測光モードを「ハイライト重点測光」にしたところ(中央マーク)
電子先幕シャッターのオンオフが可能に

 新たに「グループエリアAF」が可能になったAF周りは、新モジュールを採用。アルゴリズムも見直している。

参考:1点AF時のファインダー内表示
参考:グループエリアAF時のファインダー内表示
グループエリアAFに設定したところ。AFモードスイッチのボタンを押しながらダイヤル操作で呼び出せる
メニュー内の表示項目選択

 ライブビュー撮影には「2点拡大」を追加。水平線や建築物など、画像の左右端をそれぞれ拡大して並べ、厳密な水平を見られる機能。広角レンズやPCニッコール使用時の、奥行きがある2点のピント確認にも活用できる。拡大時の表示が精細になったのも嬉しい。

ライブビュー画面
拡大表示がD800/D800Eより精細で見やすくなったという
2点拡大の利用イメージ。左右の端を抜き出して拡大することで傾きが目立ち、確実に水平を出せるというもの
「2点拡大」はライブビュー中のメニューから呼び出す
ピクチャーコントロールシステムは、既存の輪郭強調とは異なる「明瞭度」を新たに調整可能とした。調整ステップも細かくなったという
新設定「フラット」は、「ニュートラル」よりもフラットなトーンカーブ。白飛び・黒潰れしにくい仕上がり
情報表示パネル
シンクロターミナル、リモコン端子
側面端子類
内蔵ストロボ
ファインダー部分。
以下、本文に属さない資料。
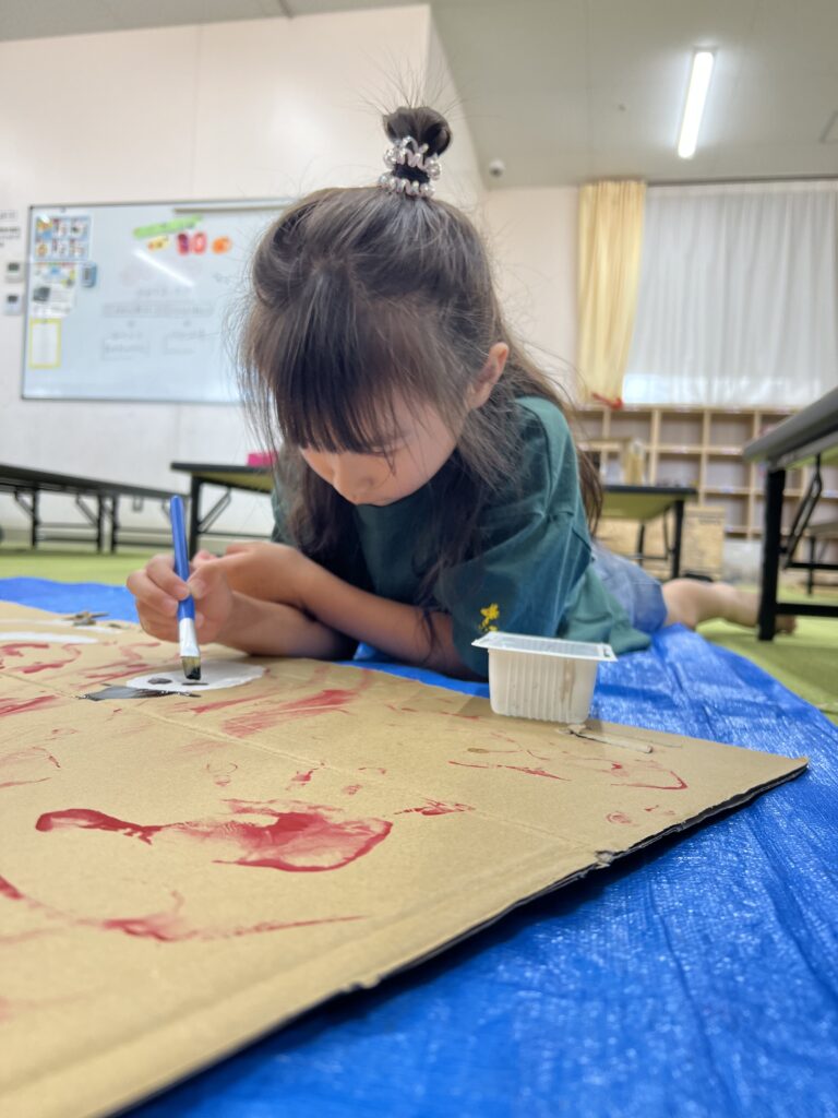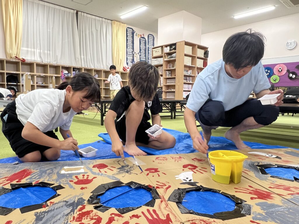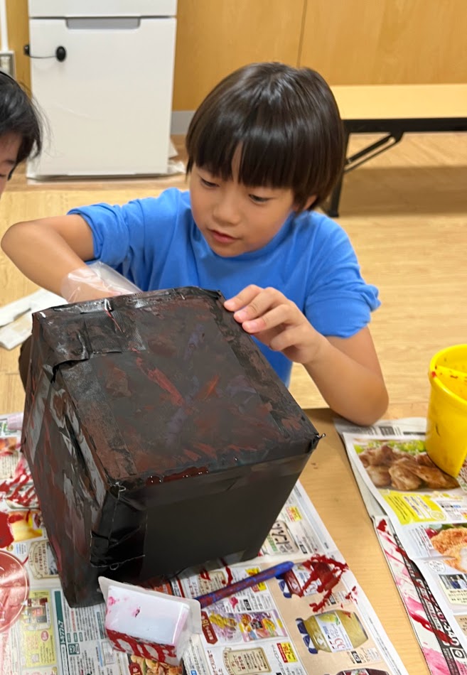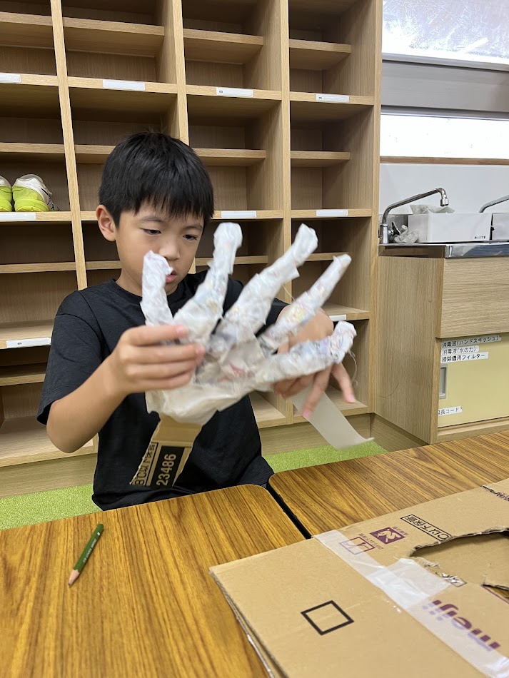 活動ブログ: 2025年10月 神戸市立 灘の浜学童保育コーナー > 活動ブログ > 2025年 > 10月 ハロウィン準備中🎃 2025年10月27日 月曜日カテゴリー: コーナーの取り組み 10月29日にハロウィンパーティーを開催します。絶賛準備中!!お化け屋敷も建設中。 この箱の中には何が・・・(怖) 絵具を吹き付けて、血のりにします。 驚かせ用の手を作ってます。 お面を製作中 お化け屋敷、建設中 真剣そのものです!! かっこいいマントだね! 29日が楽しみ🎃 素敵なマントが出来ました💕

コーティングの改良や、有機EL情報表示の新採用が特徴。アイピースシャッターを継承
動画は1080/60pが設定可能に

 引き続き、詳細な機能・実写レビューにご期待いただきたい。

レンズ装着例

AF-S NIKKOR 24-85mm F3.5-4.5G ED VR
AF-S NIKKOR 24-70mm F2.8G ED
AF-S NIKKOR 16-35mm F4G ED VR
AF-S NIKKOR 70-200mm F4G ED VR

【7月1日15時50分】記事初出時、ドライブモードダイヤルの写真キャプションに「連写速度はFXフル画素記録で約4コマ/秒」と記載していましたが、約5コマ/秒の誤りでした。約4コマ/秒は、同条件におけるD800/D800Eの連写速度です。